What`s this all got to do with Bolton Wanderers? Have a look at the post below, made on SaintsForever.Com at the start of 2003.

`Rupert Lowe and Gordon Strachan are showing how progress IS possible within a sensible budget. Some Saints’ fans doubted the wisdom of their combined approach when first brought together, and they were well within their rights to do so, but in the current climate of diminishing finances across the game as a whole, I don’t think any right-minded football fan, let alone a Saints’ fan, can deny that Saints are currently one of the most well prepared clubs in the country for the next decade of football.`

At the time, such optimism didn`t seem misplaced. Southampton went on to finish 8th in the Premier League and gave Arsenal a run for their money in the FA Cup final.

Then Gordon Strachan left, and a succession of short term managerial appointments were made (including Steve Wigley, now a coach at Bolton.) The Saints were relegated and haven`t looked forward since. Last season they escaped relegation to League One on the last day of the season.

The mood amongst many Wanderers fans at present is gloomy, even disinterested. With the dreary football on show, that`s not surprising. The feeling (backed up by statistics) is that Bolton under Gary Megson, will hover forever, just above the relegation zone, doing just enough to avoid exiting the top flight. There will be no cup runs, European qualifications or victories over the big boys. In short, nothing to get excited about.

It`s not an enticing prospect, which is why, presumably, some supporters feel that dropping into the Championship would be no bad thing. The reasoning goes that the following year`s promotion battle would at last breathe some life into proceedings.

Of course that might happen. Birmingham and Reading have been relegated without imploding and are amongst the front runners to return to the Premier League. Yet Bolton have more in common with Leicester and Charlton, both clubs who suffered when long serving or influential managers left. Leicester dipped into the third flight of football, last season and Charlton look bound to do the same this time round and like Southampton, have severe financial problems.
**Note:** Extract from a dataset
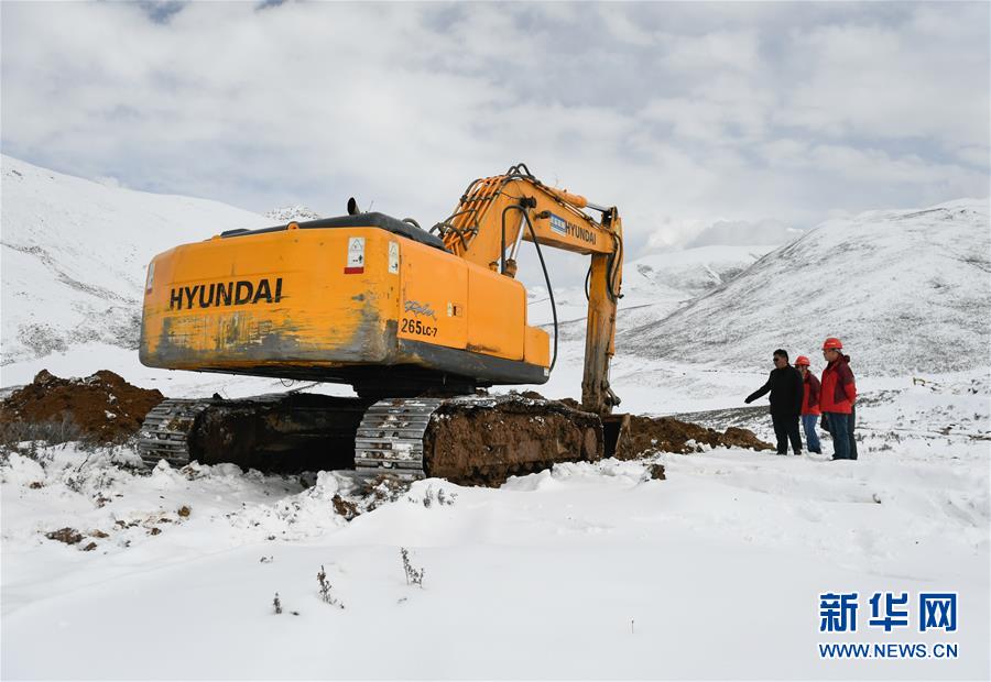 工作人員駕駛大型機(jī)械在昌都市江達(dá)縣的高山牧場上搶通道路(10月14日攝)。新華社記者 劉東君 攝

Relegation, if and when it happens, will be a different experience then before. The Wanderers had previously been mere interlopers in the top flight, stopping for a season or two. Now there have been eight consecutive years in the Premier League. The world outside that division is a very different place than it was the last time Bolton were there.

Clearly things need to improve. The dispiriting brand of slow-motion football on show at the Reebok, can only appeal to the most ardent of fans, who care only about the result and not how it is achieved.

Watching a one-dimensional team with zero creativity whose sole attacking ploy is to boot the ball into the opposition penalty area and hope that someone on the other team makes a mistake, is deadly dull. Bolton`s passing, movement and ability to retain possession is far below that which would be expected from a Premiership side.

But those problems need to be remedied within the confines of the top division. Dropping into the Championship can only be a backward step.